**TASK DETAILS**
Restate the data below word for word. Leave the images out.

■ ■ ■ ■

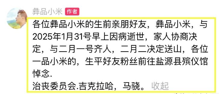 还有啊,“彝品小米”还是“白彝”姓氏“阿核惹恩”家族的第15代传人,这身份可不一般。他走了之后,朋友在视频账号上把他后事的情况发出来了。
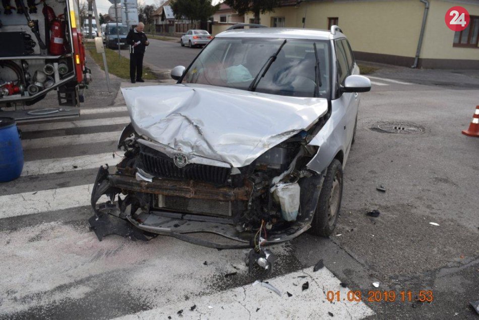 Galéria k článku Zrážka dvoch osobných áut: Jedno skončilo po náraze prevrátené na bok, FOTO
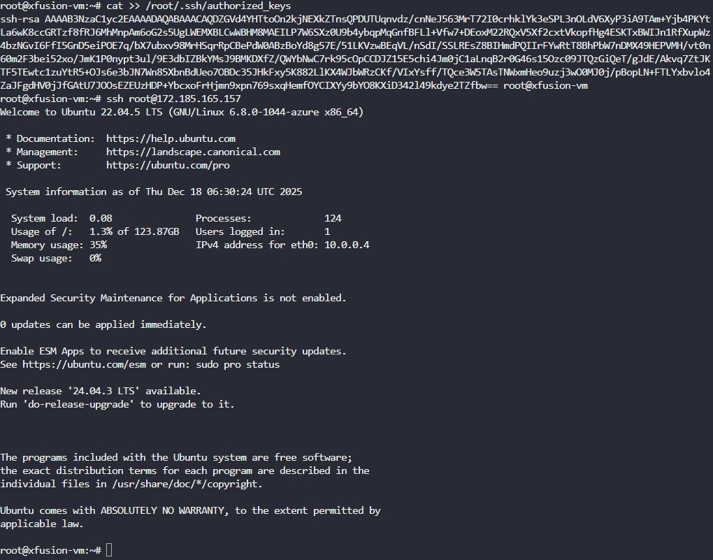 The Nautilus DevOps team is working on setting up secure SSH access for their virtual machines in Azure. One of the requirements is to add the SSH public key of the root user from the Azure client host (landing host) to the `datacenter-vm` Azure VM's `authorized_keys` file. This ensures secure and password-less SSH access to the VM.
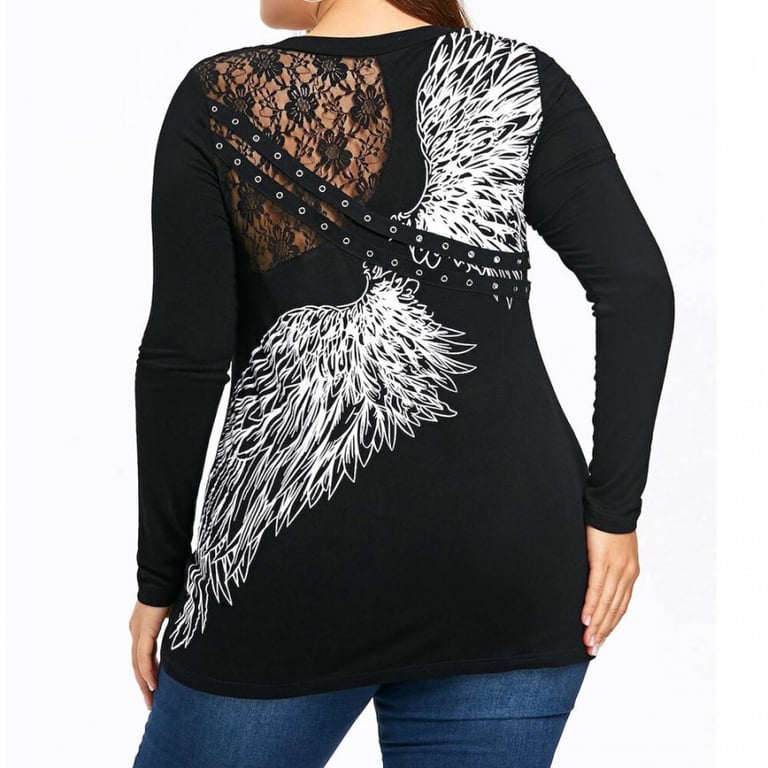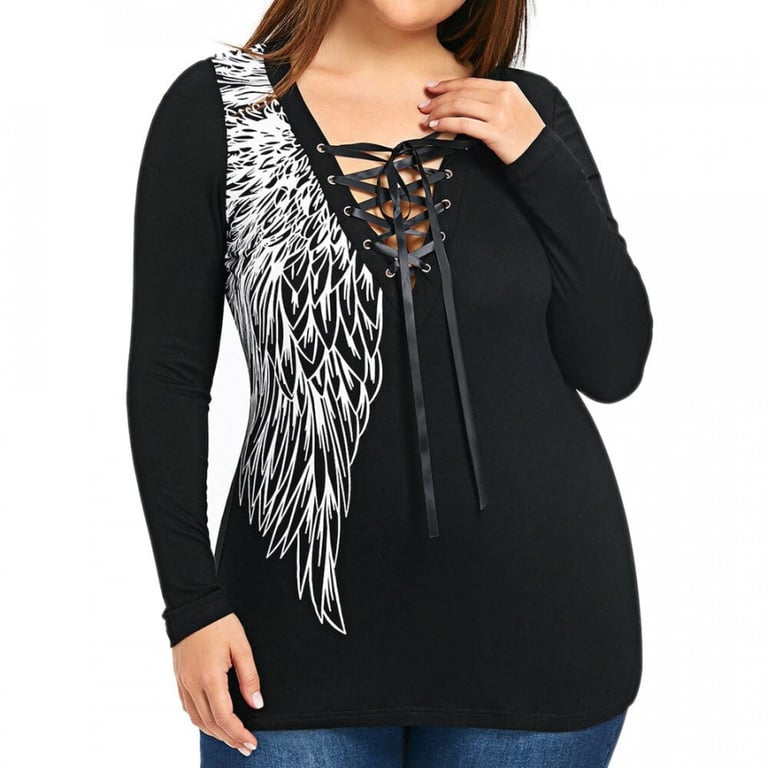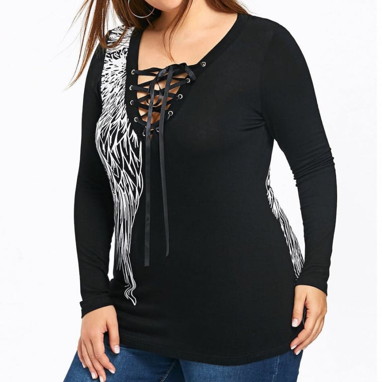 Camisa de mujer de manga larga con escote y cordones. Corte ajustado más largo. Impresión en la parte delantera. Tallas grandes. Disponible en varias opciones de color.
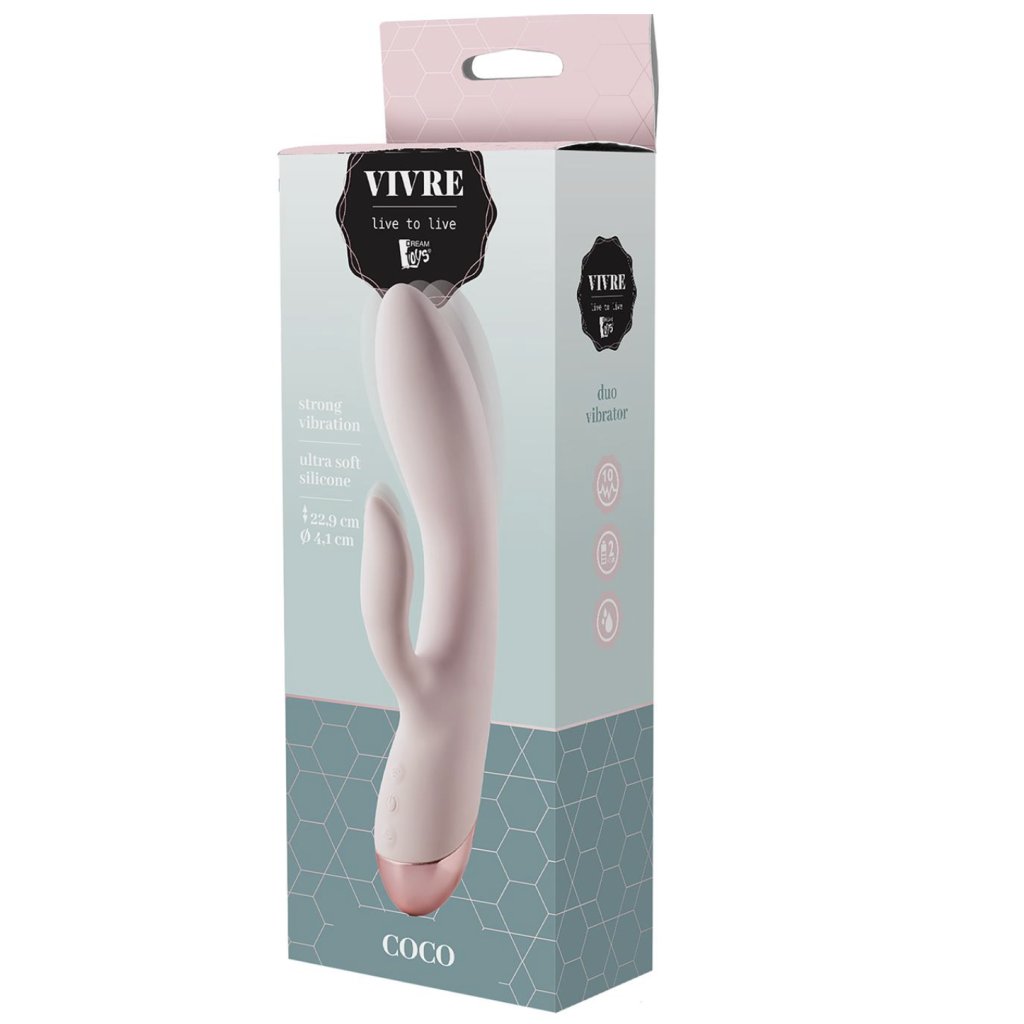 Coco je duo vibrátor z měkkého pevného silikonu a ABS s mírně ohebným, zakřiveným tělem a ohebným stimulátorem klitorisu. Duo vibrátor je bezpečný pro tělo, neobsahuje latex a ftaláty. Je vybaven 2 motory, které nabízejí silné a hluboké vibrace, se 3 rychlostmi a 7 rytmy, takže si každý může vybrat oblíbené nastavení stimulace. Ovládání je snadné pomocí 3 tlačítek. Hřídel a stimulátor klitorisu mají vlastní motor a vlastní tlačítko pro přizpůsobení zážitku. Gigi lze používat ve vaně nebo ve sprše, protože je zcela vodotěsný. Součástí balení je kabel s USB konektorem pro dobíjení. Coco je součástí řady hraček Vivre od společnosti Dream Toys. Francouzské slovo znamená "žít" a řada Vivre je určena mladým ženám a jejich partnerům, kteří oceňují jemnější věci v životě, mají rádi pastelové barvy místo křiklavých křiklavých barev, ženám a mužům s vytříbeným životním stylem, kteří dávají přednost kvalitě před kvantitou. Díky jemné růžové barvě a růžovému metalickému akcentu v základu působí duo Coco vibe elegantně a na úrovni. Odpovídající balení má na bočních panelech ikony znázorňující funkce. Na zadní straně krabičky se jako obvykle u výrobků Dream Toys nachází popis výrobku v 7 jazycích.
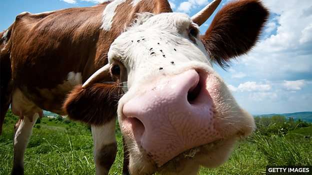 (研究人员证明了给奶牛刷上颜色能减少蚊虫叮咬。)
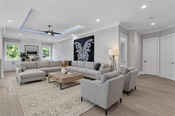 Experience luxury living in this nearly new custom-built estate located in the prestigious Buford with BUFORD City School District. Situated on over two acres with NO HOA, this residence offers 6 spacious bedrooms including a private suite on the main level and a full Finished BASEMENT, 6 full baths plus 2 half baths, an upstairs loft, and an enclosed patio perfect for entertaining. The chef's kitchen features quartz waterfall counters, a an elegant backsplash, professional-grade appliances, and modern designer lighting, flowing seamlessly into an open-concept living room with soaring ceilings, floor-to-ceiling windows, and a striking fireplace feature wall. at the main level you'll find a covered Deck space ideal for outdoor dining and entertaiment, with a fenced backyard offering privacy and ample room for recreation and a great space to build your own Pool! The primary suite impresses with a spa-inspired bathroom showcasing three walk-in showers, a freestanding tub, and an oversized custom closet with abundant shelving and center island. Additional highlights include expansive secondary bedrooms, custom lighting with tray ceilings, wide plank flooring, multiple oversized walk-in closets, and a large laundry suite with extensive cabinetry. Modern Features and upgrades include: Electrical Blinds all over the house, Water purification system filter. The FULL FINISHED BASEMENT is an Entertaiment retreat, featuring a bar/kitchenette area, full bathroom, a huge bedroom and plenty of space for storage. With over 6,458 Square feet plus 2000 square feet in the Basement. Perfectly located just minutes from Hamilton Mill Country Club, Lake Lanier, the Mall of Georgia, and top-rated Buford schools ranked #1 in Georgia, while offering quick access to I-85 for commuting to Atlanta. With fine dining, luxury shopping, premier golf, resort-style amenities, and the advantage of NO HOA, this estate is more than a home, it's a lifestyle.
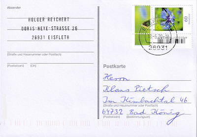 postcard franked with 2 the same postage stamps in violet/ orange or only violet |
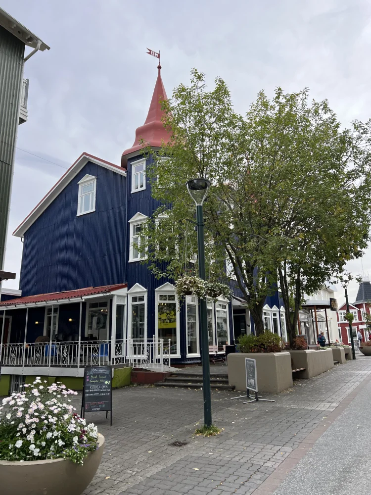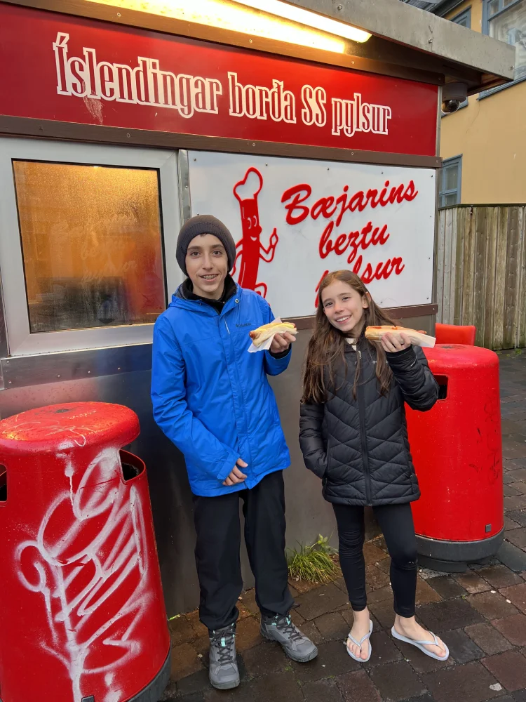 Depois do passeio, aproveitamos o resto do dia para caminhar pela cidade, tomar café e provar o famoso cachorro-quente islandês, feito com pão preto, a massa é preparada com ingredientes vulcânicos. Uma combinação curiosa e deliciosa — e uma pausa perfeita para encerrar mais um dia inesquecível dessa jornada pelo norte da Islândia.
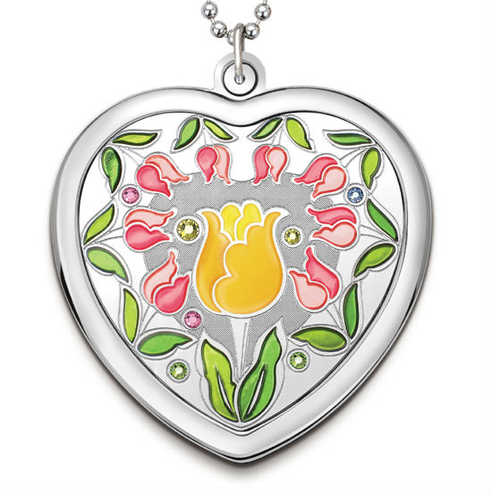 Enamel painted Tulips surrond Tulip design w/ color stones
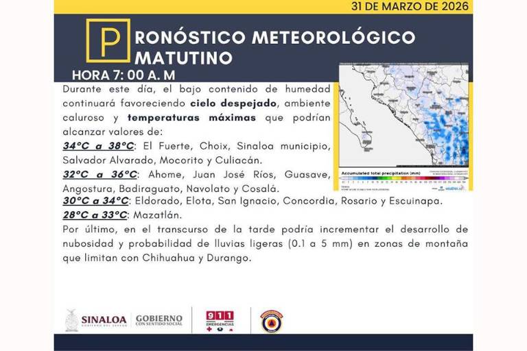 Otras regiones como Ahome, Juan José Ríos, Guasave, Angostura, Badiraguato, Navolato y Cosalá mantendrán máximas de entre 32 y 36 grados.
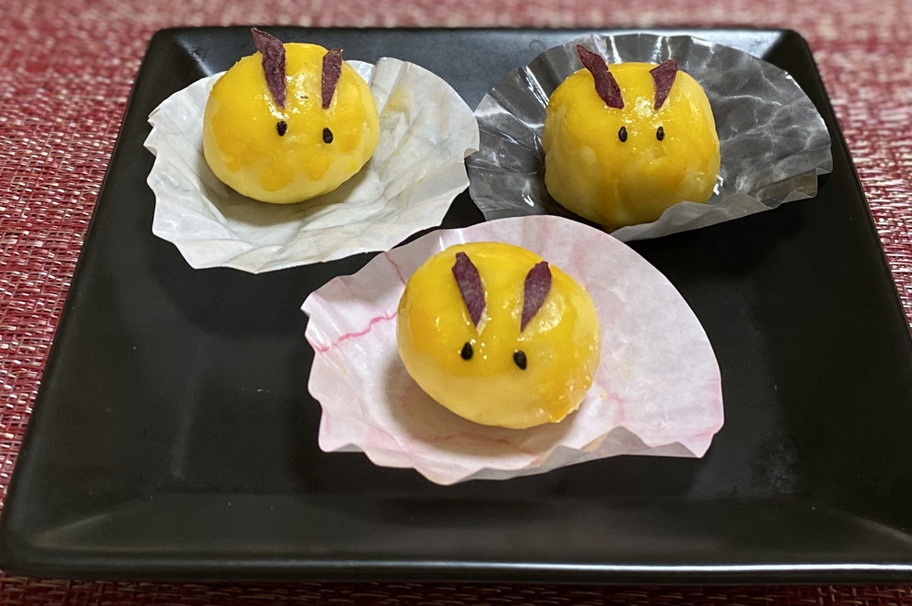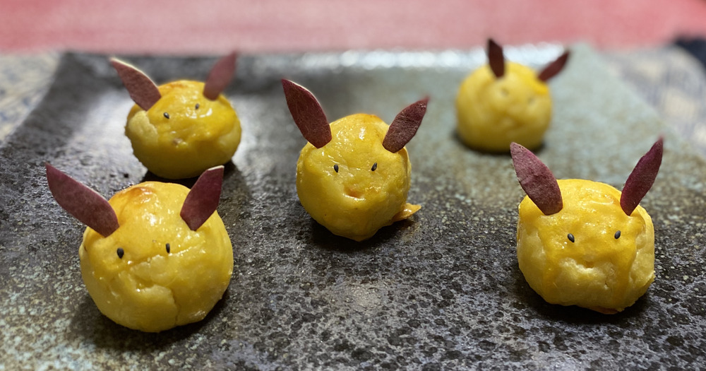 おともだちにさつま芋の試食をお願いしたところ こんなにかわいい うさぎちゃんのスィートポテトになって帰ってきました。びっくり‼️
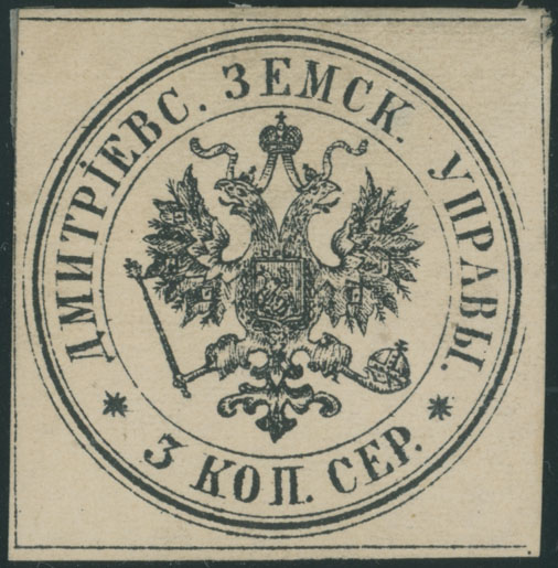 1871, Double-Headed Eagle in circle, 3k black on grayish paper, thin outer circle has break at right, full original yellow brown gum, VF, C.v. $400, Est. $200-$250 , Schmidt #1

■ ■ ■ ■

**SOLUTION FOR THIS EXERCISE**
 还有啊,“彝品小米”还是“白彝”姓氏“阿核惹恩”家族的第15代传人,这身份可不一般。他走了之后,朋友在视频账号上把他后事的情况发出来了。
 Galéria k článku Zrážka dvoch osobných áut: Jedno skončilo po náraze prevrátené na bok, FOTO
 The Nautilus DevOps team is working on setting up secure SSH access for their virtual machines in Azure. One of the requirements is to add the SSH public key of the root user from the Azure client host (landing host) to the `datacenter-vm` Azure VM's `authorized_keys` file. This ensures secure and password-less SSH access to the VM.
 Camisa de mujer de manga larga con escote y cordones. Corte ajustado más largo. Impresión en la parte delantera. Tallas grandes. Disponible en varias opciones de color.
 Coco je duo vibrátor z měkkého pevného silikonu a ABS s mírně ohebným, zakřiveným tělem a ohebným stimulátorem klitorisu. Duo vibrátor je bezpečný pro tělo, neobsahuje latex a ftaláty. Je vybaven 2 motory, které nabízejí silné a hluboké vibrace, se 3 rychlostmi a 7 rytmy, takže si každý může vybrat oblíbené nastavení stimulace. Ovládání je snadné pomocí 3 tlačítek. Hřídel a stimulátor klitorisu mají vlastní motor a vlastní tlačítko pro přizpůsobení zážitku. Gigi lze používat ve vaně nebo ve sprše, protože je zcela vodotěsný. Součástí balení je kabel s USB konektorem pro dobíjení. Coco je součástí řady hraček Vivre od společnosti Dream Toys. Francouzské slovo znamená "žít" a řada Vivre je určena mladým ženám a jejich partnerům, kteří oceňují jemnější věci v životě, mají rádi pastelové barvy místo křiklavých křiklavých barev, ženám a mužům s vytříbeným životním stylem, kteří dávají přednost kvalitě před kvantitou. Díky jemné růžové barvě a růžovému metalickému akcentu v základu působí duo Coco vibe elegantně a na úrovni. Odpovídající balení má na bočních panelech ikony znázorňující funkce. Na zadní straně krabičky se jako obvykle u výrobků Dream Toys nachází popis výrobku v 7 jazycích.
 (研究人员证明了给奶牛刷上颜色能减少蚊虫叮咬。)
 Experience luxury living in this nearly new custom-built estate located in the prestigious Buford with BUFORD City School District. Situated on over two acres with NO HOA, this residence offers 6 spacious bedrooms including a private suite on the main level and a full Finished BASEMENT, 6 full baths plus 2 half baths, an upstairs loft, and an enclosed patio perfect for entertaining. The chef's kitchen features quartz waterfall counters, a an elegant backsplash, professional-grade appliances, and modern designer lighting, flowing seamlessly into an open-concept living room with soaring ceilings, floor-to-ceiling windows, and a striking fireplace feature wall. at the main level you'll find a covered Deck space ideal for outdoor dining and entertaiment, with a fenced backyard offering privacy and ample room for recreation and a great space to build your own Pool! The primary suite impresses with a spa-inspired bathroom showcasing three walk-in showers, a freestanding tub, and an oversized custom closet with abundant shelving and center island. Additional highlights include expansive secondary bedrooms, custom lighting with tray ceilings, wide plank flooring, multiple oversized walk-in closets, and a large laundry suite with extensive cabinetry. Modern Features and upgrades include: Electrical Blinds all over the house, Water purification system filter. The FULL FINISHED BASEMENT is an Entertaiment retreat, featuring a bar/kitchenette area, full bathroom, a huge bedroom and plenty of space for storage. With over 6,458 Square feet plus 2000 square feet in the Basement. Perfectly located just minutes from Hamilton Mill Country Club, Lake Lanier, the Mall of Georgia, and top-rated Buford schools ranked #1 in Georgia, while offering quick access to I-85 for commuting to Atlanta. With fine dining, luxury shopping, premier golf, resort-style amenities, and the advantage of NO HOA, this estate is more than a home, it's a lifestyle.
 postcard franked with 2 the same postage stamps in violet/ orange or only violet |
 Depois do passeio, aproveitamos o resto do dia para caminhar pela cidade, tomar café e provar o famoso cachorro-quente islandês, feito com pão preto, a massa é preparada com ingredientes vulcânicos. Uma combinação curiosa e deliciosa — e uma pausa perfeita para encerrar mais um dia inesquecível dessa jornada pelo norte da Islândia.
 Enamel painted Tulips surrond Tulip design w/ color stones
 Otras regiones como Ahome, Juan José Ríos, Guasave, Angostura, Badiraguato, Navolato y Cosalá mantendrán máximas de entre 32 y 36 grados.
 おともだちにさつま芋の試食をお願いしたところ こんなにかわいい うさぎちゃんのスィートポテトになって帰ってきました。びっくり‼️
 1871, Double-Headed Eagle in circle, 3k black on grayish paper, thin outer circle has break at right, full original yellow brown gum, VF, C.v. $400, Est. $200-$250 , Schmidt #1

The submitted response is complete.